Written almost like a screenplay from the outset, this book sets a vivid scene and leads the reader into the world of the Italian Mafia. Later made into arguably one of the best films ever, it transports you into the heart of the Corleone family where you will no doubt fall in love and feel a sense of Omerta with some of the most brutal and ruthless characters to grace the genre.

Catch-22 by Joseph Heller (1961)

I picked this book up during my first month living in the UAE, back in 2012. Needless to say the spine melted and the pages fell out. Set during the Second World War, it is genius in its wit and third-person omniscient narration of Captain John Yossarian. Catch-22, now a phrase officially entered into the English language, is a plot based around the fictional 256th squadron airmen trying to maintain their sanity.

The Constant Princess by Phillipa Greggory (2005)

Having always been fascinated by anything to do with the Tudors, I was happy to discover the English historical novelist Philippa Gregory. My favourite read of hers, The Constant Princess, depicts the life of Catherine of Aragon (Henry VIII's first wife) and her rise (and fall) to power in England. Greggory transports you in such detail that you can almost taste the banquets of the Tudor period.

The Girl With The Dragon Tattoo by Stieg Larsson (2005)

After being told by a friend "You're like Lisbeth from The Girl With The Dragon Tattoo", I felt compelled to read the book. After battling through the first chapter, which I found hard work (and irrelevant), it opened out into a multifaceted psychological thriller about a deeply troubled computer hacker. Bemused at how my friend could make that comment, I went on to read all three parts of the series in two weeks and wound up feeling honoured by the comparison.

Pryor Convictions: And Other Life Sentences by Richard Pryor (1990s)
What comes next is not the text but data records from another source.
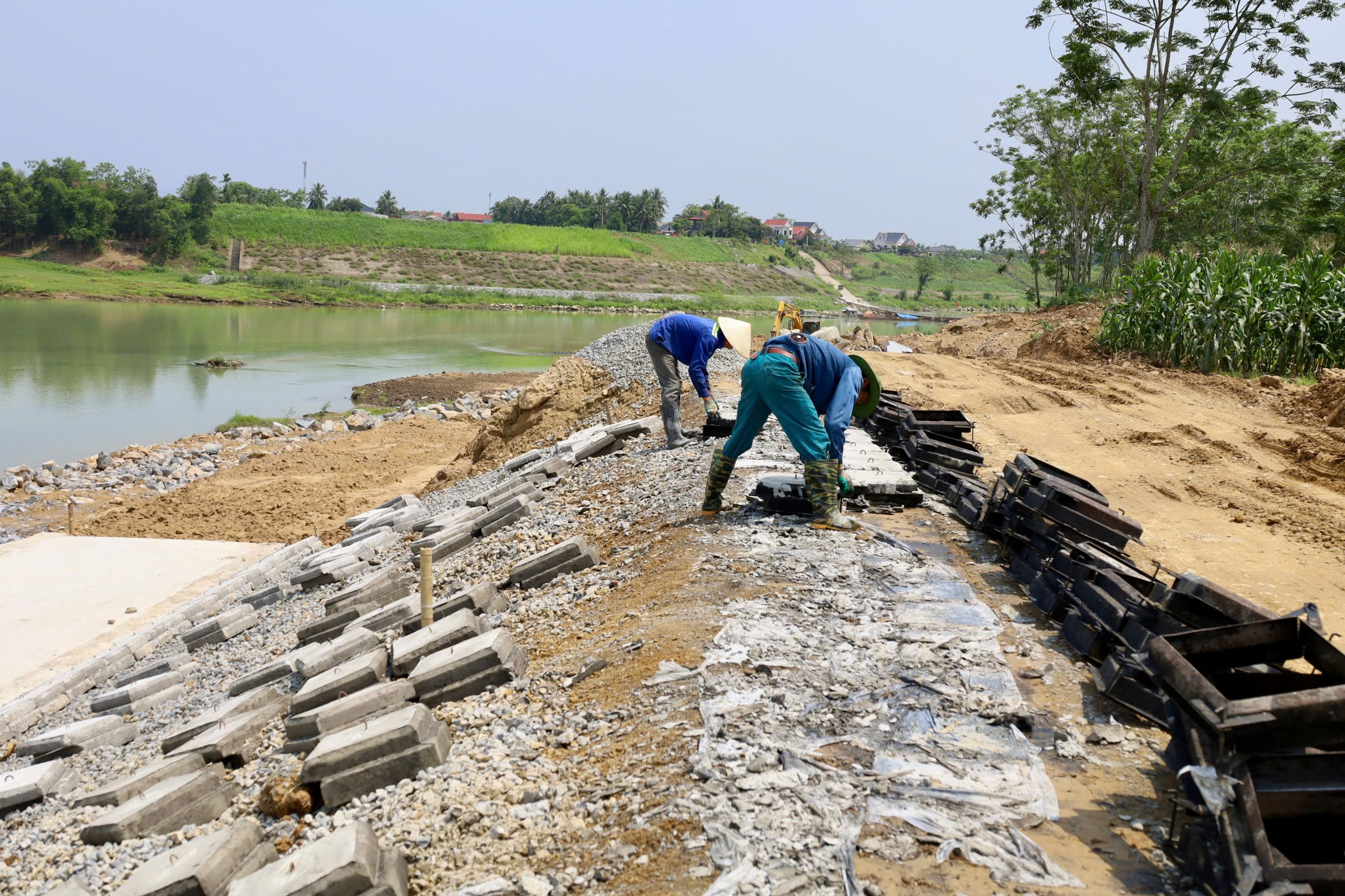 Xã Xuân Hòa chỉ đạo đẩy nhanh tiến độ thực hiện dự án kè Hải Mậu - Hải Thành phục vụ công tác phòng chống thiên tai.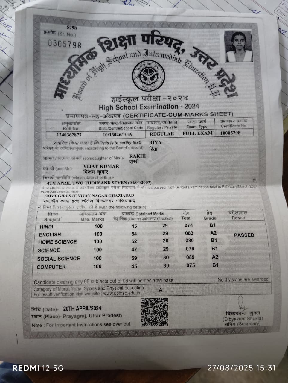 | Exam | Full Marks | Pass Marks | Marks Obtained |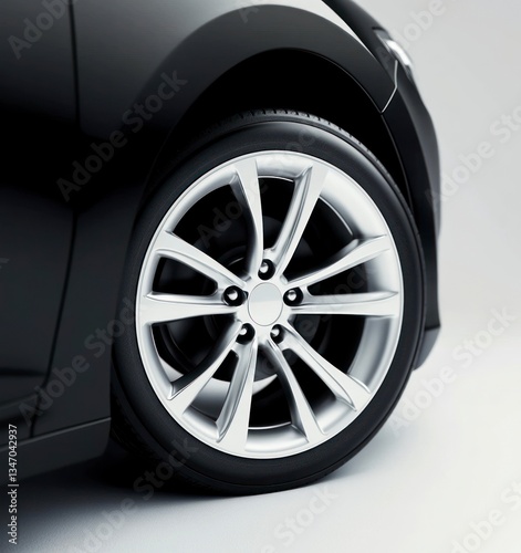 Close-up of Black Car Wheel with Silver Rim on White Background
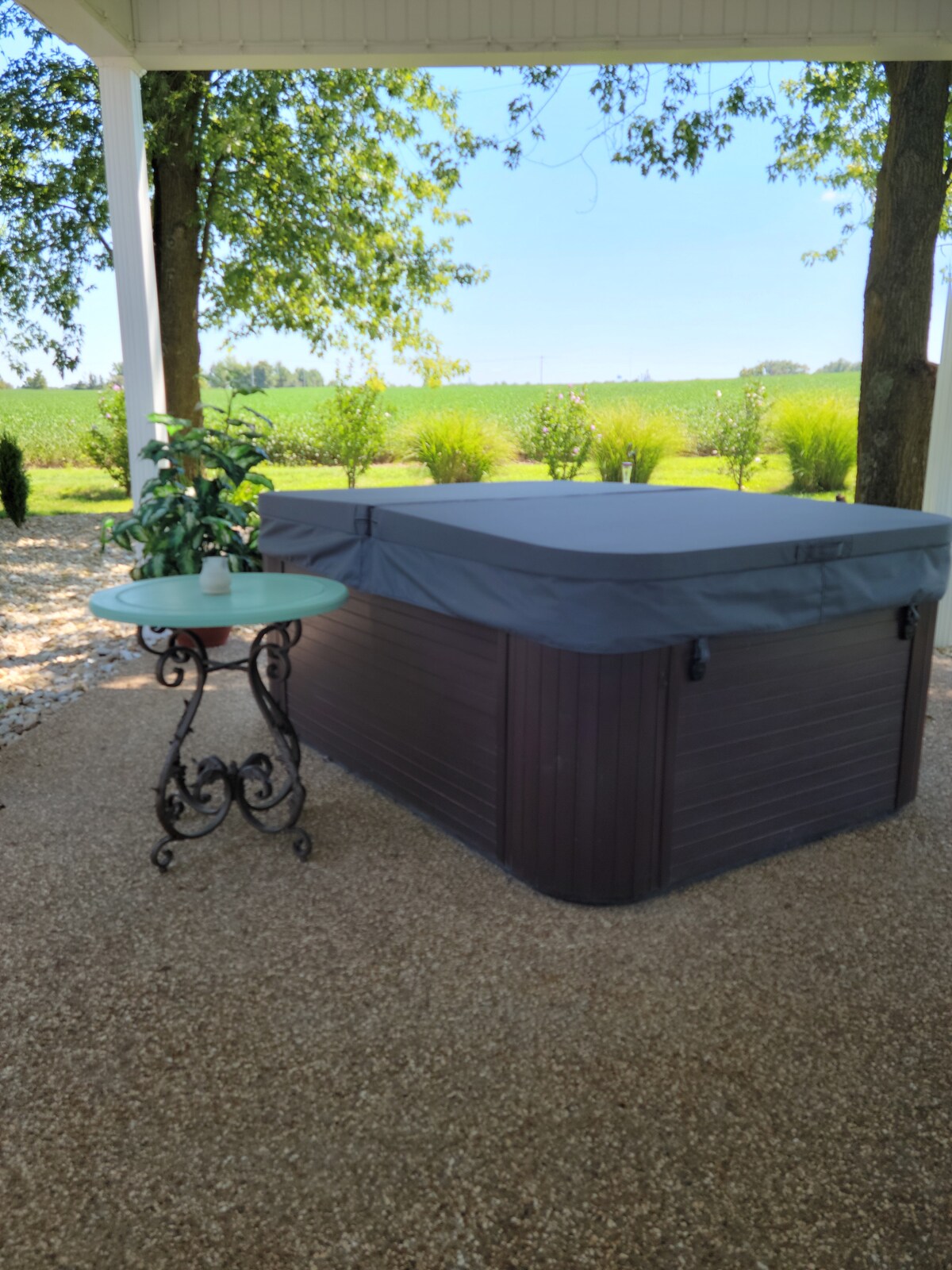 CASA PEQUEÑA. Tomate un descanso y relajate en esta casa pequeña tranquila y romántica con vistas al campo. Para calentarte y sentarte en el porche delantero, ¡no hay problema, ya que el aire acondicionado central te espera adentro! ¡Perfectamente romántico para dos! Heladera grande, lavavajillas, cama queen. Definitivamente tuve que incluir un baño pequeño con ducha de tamaño completo.
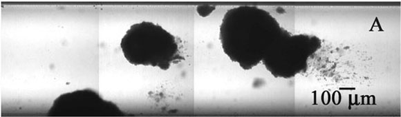 The experimental system for growing the biofilm is a flow cell (Figure 2). This flow cell is just a glass tube that has a square cross section. A microscope objective can be brought down to the flat top wall of the tube and, using confocal scanning laser microscopy, one can image cell clusters clinging to the ceiling of the capillary. In transmission mode microscopy (Figure 3), large, dense clusters of staphylococci (dark areas) can be seen hanging from the ceiling and side walls of the tube. The capillary is approximately 1 mm on each side, so the cell clusters shown here are a few hundred microns in diameter.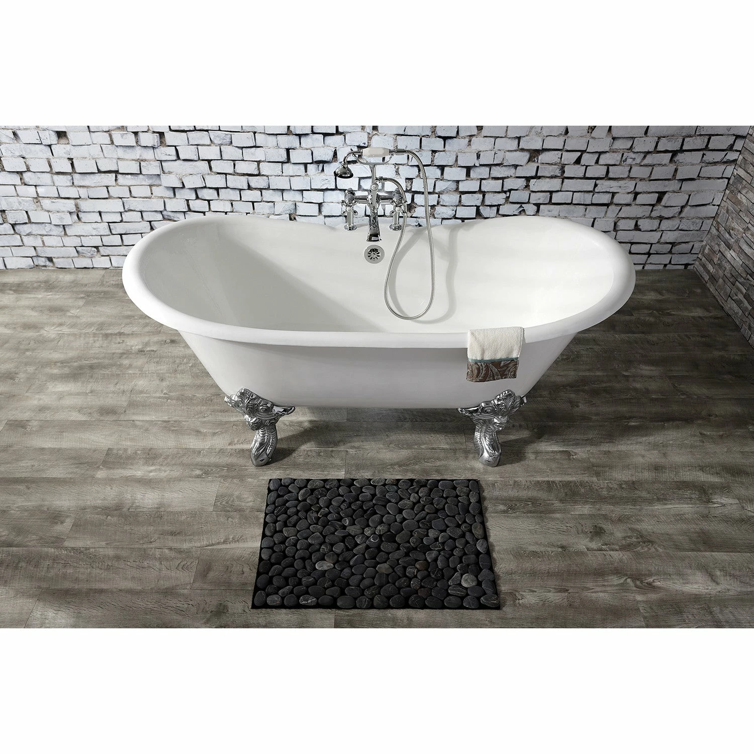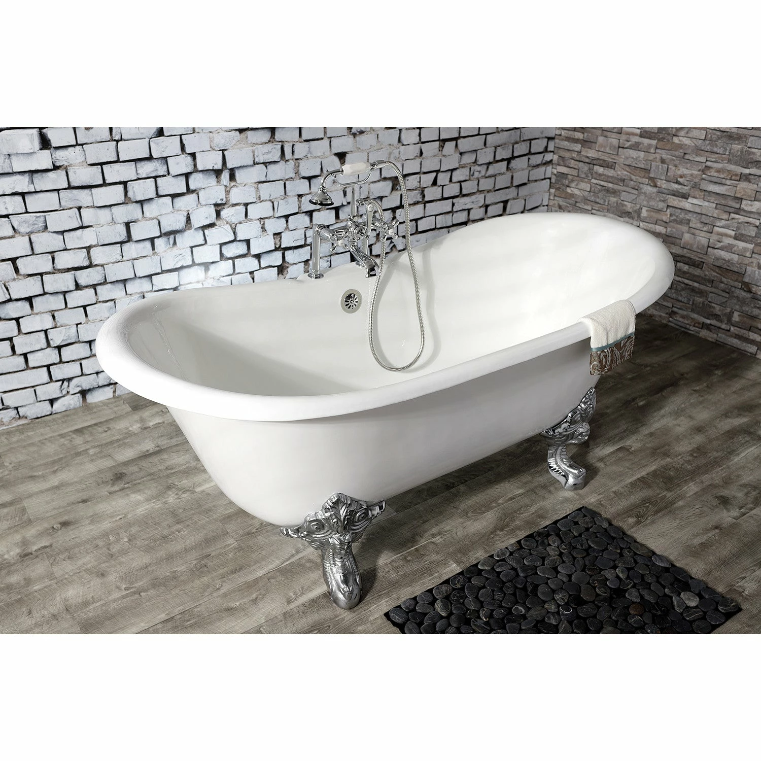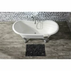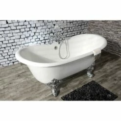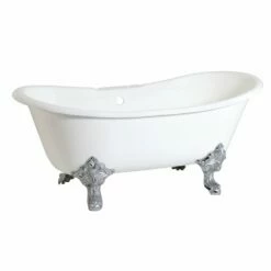 Surround yourself with the perfumed aroma of your favorite candle, grab your favorite piece of literature, and soak all of the stresses of the day away with the all-encompassing embrace of one of Kingston Brass’ finest products, the clawfoot tub. Since the late 19th century, the claw foot tub has stood prominent among bathroom fixtures for its outstanding grandeur. The Kingston Brass Aqua Eden 67-inch cast iron double slipper clawfoot tub with 7-inch faucet drillings will wholly beautify your home for years to come thanks to its durable and heavy cast iron construction. Elegantly crafted clawfoot tub feet are included to further elevate your home’s traditional eminence. Aside from its feet, this bathtub is enameled in glossy white for a classic look, exceptional durability, and easy care and maintenance for years to come.

This autobiography was a gift from a friend. I read the book in its entirety on a train journey from London to Liverpool. It made me laugh out loud and cry with full-on tears for both comedic and melancholic reasons. Afterward Pryor – a man I had always thought was brilliant – shot up in my estimation to a comedic legend. Totally underrated in his lifetime and overcoming many personal demons, he set a precedence for modern day stand-up comics.